Monday, November 12, 2012

Meet The Tree-ras.

I recently read a blog post that said, (somewhat loftily, I thought):

"I don't just blog to fill space."

Well, good for her, but my take on that is 'Why the bleep not, empty space can be seriously boring!'

What to write about?

Anything.
Everything.

Jerry Seinfeld made up a show about nothing, and it ran for how many years?

One creative writing instructor says, "Take an inanimate object and write about it. Write about what's on your desk."

Well.
Okay.

I'll have to warn you, this is where it could get dicey.

I'm a slob sometimes, and because there are far too many items on my desk to name (and because my pride won't allow me to snap a picture of them all), I'll just go with one item today. It's my photo tree, which stands proudly by my computer.

There are only two photos of myself on the metal tree. The rest are complete strangers, ancient pictures of those I deemed 'strong women'. I discovered their long-forgotten images at a dusty-smelling antique shoppe in Hyde Park, where I tirelessly dug through a boxful to see who would make the cut.  Only people that had 'the look' got to hang out on the fabled branches. The look of aggressive, ambitious, women who didn't take any crap. One girl looks like she could eat someone's liver, and her sister or mother or whoever it is in the background looks (I swear!) exactly like Ashley Judd.

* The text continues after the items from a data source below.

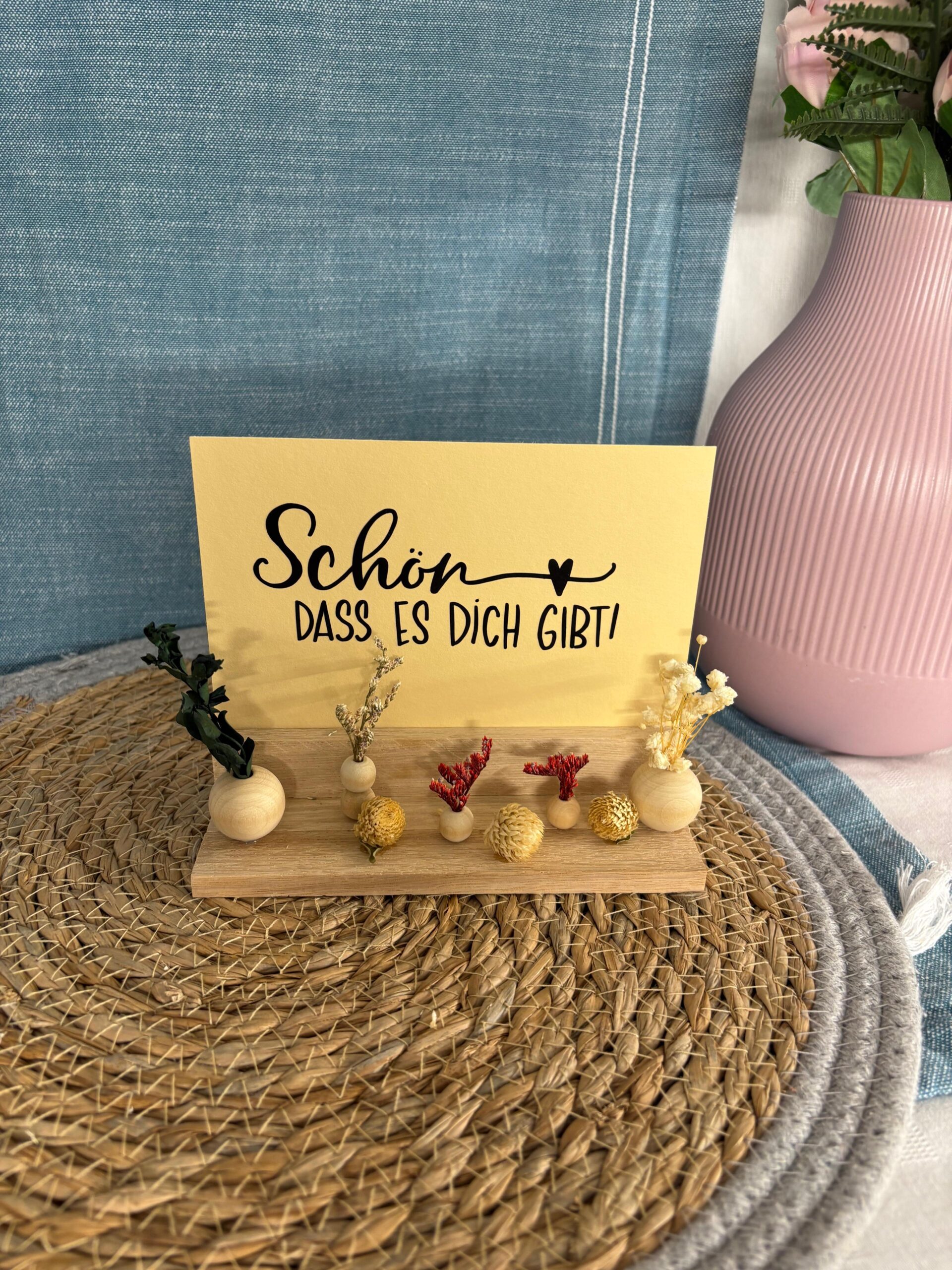 Ein liebevoller Holzaufsteller mit zarten Trockenblumen in kleinen Vasen – perfekt als besondere Dekoration oder als persönliches Geschenk für einen lieben Menschen.
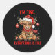 Pegatina Redonda Im Fine Everything Is Fine Funny Christmas Highlan
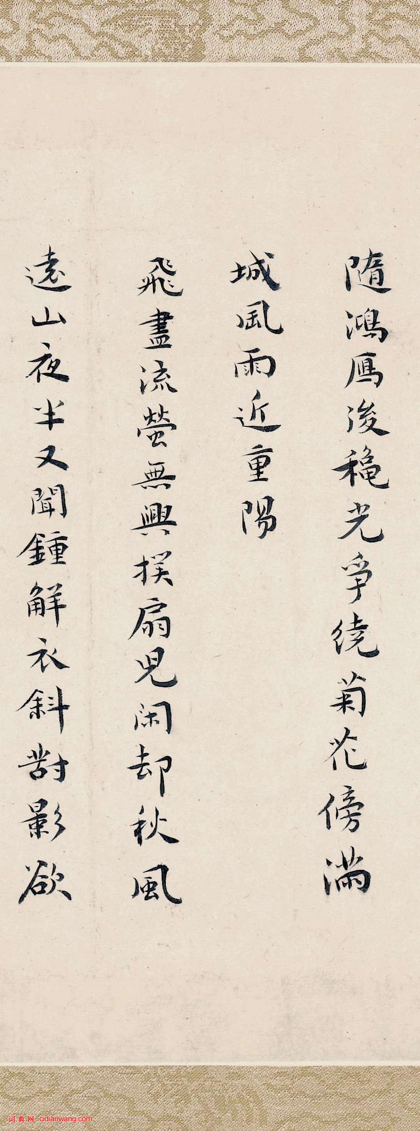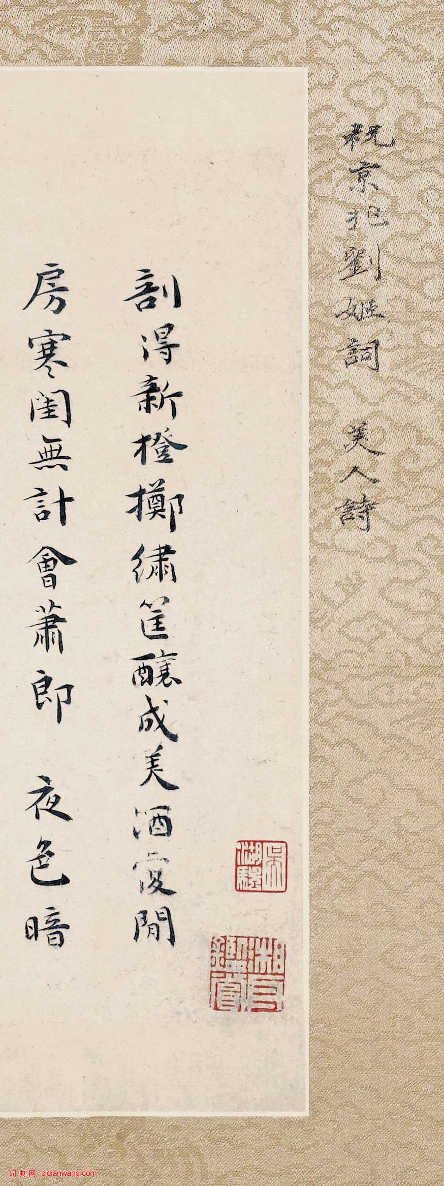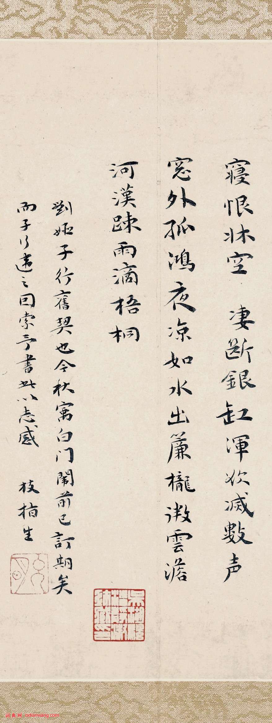釋文:剖得新橙擲繡筐,釀成美酒覆閑房。寒閨無計會蕭郎。夜色暗隨鴻雁後,秋光爭繞菊花傍,滿城風雨近重陽。飛盡流螢無興撲,扇兒閑卻秋風。遠山夜半又聞鐘。解衣斜對影,欲寢恨床空。淒斷銀缸渾欲滅,數聲窗外孤鴻。夜涼如水出簾櫳。微雲澹河漢,疏雨滴梧桐。劉姬,子行舊契也。今秋寓白門,闈前已訂期矣,而子行違之。因索予書此以志感。枝指生。
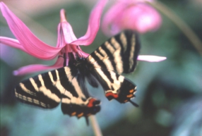 観察会配布資料より ≪2009. 4. 4≫ ◆ギフチョウの里 金山町 明治16年 4月24日(1883年)岐阜県郡上郡祖師野村地内(現在の下呂市金山町祖師野)において、岐阜市にある名和昆虫研究館の初代館長 名和靖氏(1857~1926)が一頭の見慣れないチョウを発見し、帝国大学(現在:東京大学)にて調査の結果、新種と解り、岐阜県にちなんで「ギフチョウ」と命名し発表されました。その後、各地で採集され、日本列島の本州(山口県から秋田県)のみに生息するチョウであることが解明されました。 ギフチョウが金山町で通常観察できるのは、4月初旬から中旬にかけてであり、年 1回の発生で、他のチョウに先がけ早春の野山に姿を見せることから、誰が名付けたのか「春の女神」「春の舞姫」などと呼ばれています。春の暖かい日に、花の蜜を吸うため、サクラやスミレ、カタクリなどを訪れます。 ギフチョウが卵を産み付ける場所は、カンアオイという植物で、その葉の裏に直径約 1mmの真珠のような卵を産みます。そして卵から孵(かえ)った幼虫はカンアオイを食べ、5回の脱皮とともに成長し、6月頃蛹(さなぎ)になり翌年の 4月頃まで枯れ草や、枯木の下で蛹のままじっとしています。しかし、近年、造林や開墾などにより従来ギフチョウの住む照葉樹林(雑木林)が減少し、それに伴い食草となるカンアオイの激滅と共にギフチョウも減少しています。 ギフチョウの保護が叫ばれ、各地では対策がとられていますが、自然の中での生態系を崩すような誤った対策がとられると絶滅することがあります。 また、ギフチョウは発生場所において羽の模様が異なり、特に進化や地域性を調べることがなされています。そのため、発生地以外のギフチョウを放したりしないことが大切です。 その対策の一つとして、金山町では保護地区を設け、食草の増殖、吸密植物の保護、間伐、下刈りなどの環境整備を行い、毎年 4月にはギフチョウ観察会を開催し、町民に「春の女神」を紹介して、ギフチョウとの出会いを大切にしています。 ◆カンアオイ カンアオイはウマノスズクサ科の多年生草本の植物であり、本州に15種が分布し、その中で金山町に分布しているものは、ヒメカンアオイという種類です。 カンアオイは、ギフチョウの食べる植物ですが、カンアオイなら何でも食べるというわけではなく特定の種類のみです。また、カンアオイは昔から知られており徳川家の紋章(葵の紋)は、カンアオイの仲間のフタバアオイを型取っています。 カンアオイの成長は大変遅く、1年に 1cmくらいしか分布しなく、花がつくまでに、数年から10年くらいかかります。また、花は地上すれすれに咲くので種もせいぜい 1cm以内にしか飛散しなく、他の植物と違い広範囲に増えることはありません。 カンアオイは、通常、照葉樹林(雑木林)内に分布しています。金山町ではスギ、ヒノキの植林が進み、現在見られるところは陽の当たる林縁のみです。また、針葉樹の植林地では陽が当たらないことからしだいに細くなりなくなってしまいます。 植林鉢でも育成しますが、条件が合わないと数年で無くなってしまうことがあるので日照時間、水分補給に注意しなければなりません。 【参考】 カンアオイは強い日差しを嫌います。朝に陽が当たり、昼の日差しを遮り木陰のある庭が最適です。また、水は適度に与え土壌が乾かないようにしてください。いつでも移植することは可能です。しかし、皆さんが心配されることは、植えても大きくならない、いつまでも葉が出てこないことだと思いますが、カンアオイは年 1回(通常 4月)の発芽であり途中には葉は出てきません。また、早く大きくしようと肥料を多く入れると枯れてしまいますので注意してください。 カンアオイは金山町全土に分布していますが、もっと育ててみようと野山へ行って採取しないでください。なぜならば、そこにギフチョウが生息していれば、カンアオイを採ることにより食草が無くなってしまいギフチョウが絶滅する危険性があります。もし、野山でカンアオイを見つけたならば専門の人に聞いてから採取してください。 |
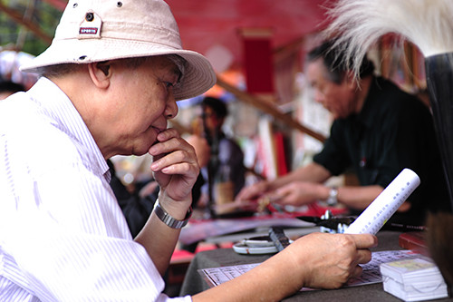 Một 'thư khách' đang nghiền ngẫm các vế đối trước khi xin chữ.
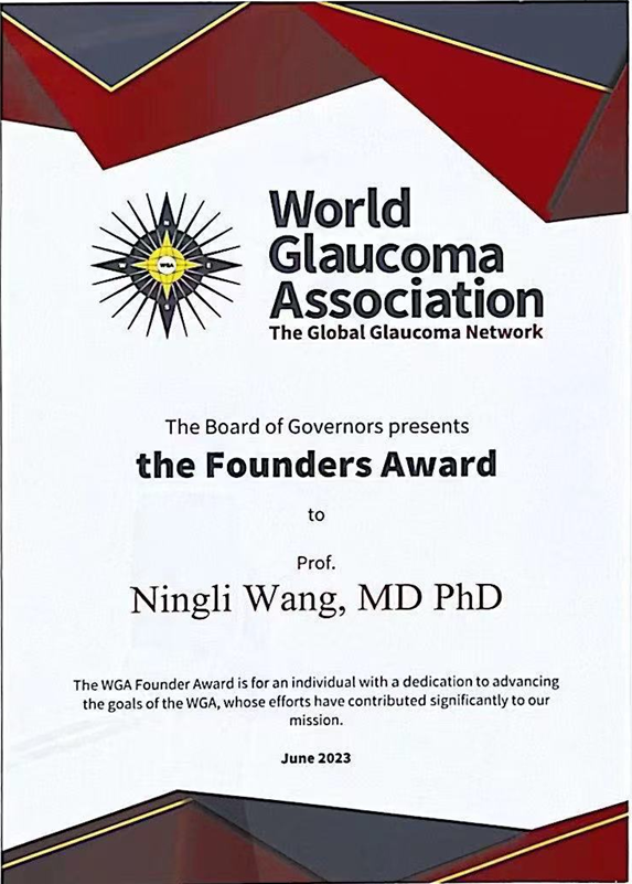 WGAの共同設立者の一人として、王寧利教授はWGAの設立以来、執行委員会のメンバーを務め、WGAの発展と成長に多大な貢献をしており、国際的な緑内障学術の発展にも多大な貢献をしている。
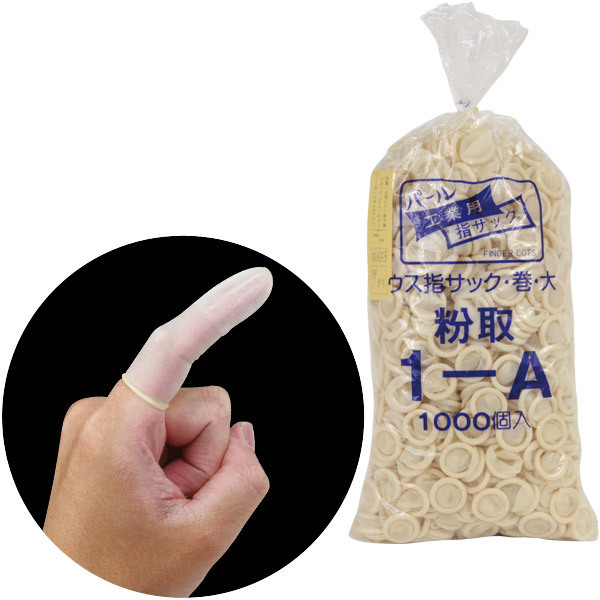 性感マッサージの必需品!たっぷり1000個入、業務用サイズの指サック。表面の粉が少なく、指に装着しやすい巻きタイプ!自然な着け心地でフィット感もバツグンです。爪で破れにくいよう先端側は厚めに、締めつけられないよう指の根元側は薄めになった安心設計!サイズは内径18mmと太めタイプ。風俗業者様にも個人のお客様にもご愛用頂いている、まとめ買い用の指サックです。
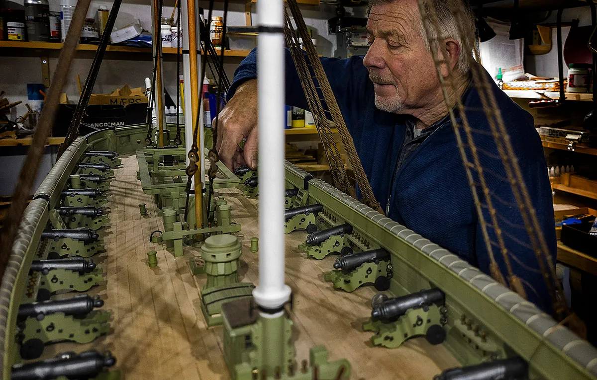 Erik Møller sætter de færdige kanoner på dækket af kirkeskibet Fortuna..

This tribe of sheroes cheer me on day in and day out. I can practically hear them saying, "You're going to kick it in your content writing job today," or, "You know, you really should be writing more authentically. Aren't you tired of writing everyone else's voice but yours?" or, as in the case of the little mean girl, "I'm about to eat your liver."

The woman leaning confidently against the door of her cruiseship cabin never says a word. She doesn't have to; her affluence speaks for itself. I don't always like the way she looks at me, to be honest. I get the feeling she might have been a real pill to live with.

One photo looks like a group of either housemaids or private school students, I can't tell which. If it's private school, someone really missed it on the uniform choice. I actually like to think they are hardworking housemaids, busting their backsides to get the job done each and every day. Heaven only knows the vast creativity that lurks behind any frustrated woman holding a mop.

These are my people.
I have no clue whatsoever who they are, yet they cheer me on each and every day when I turn on the office lights and hit my PC's 'on' button.









You've now all been properly introduced.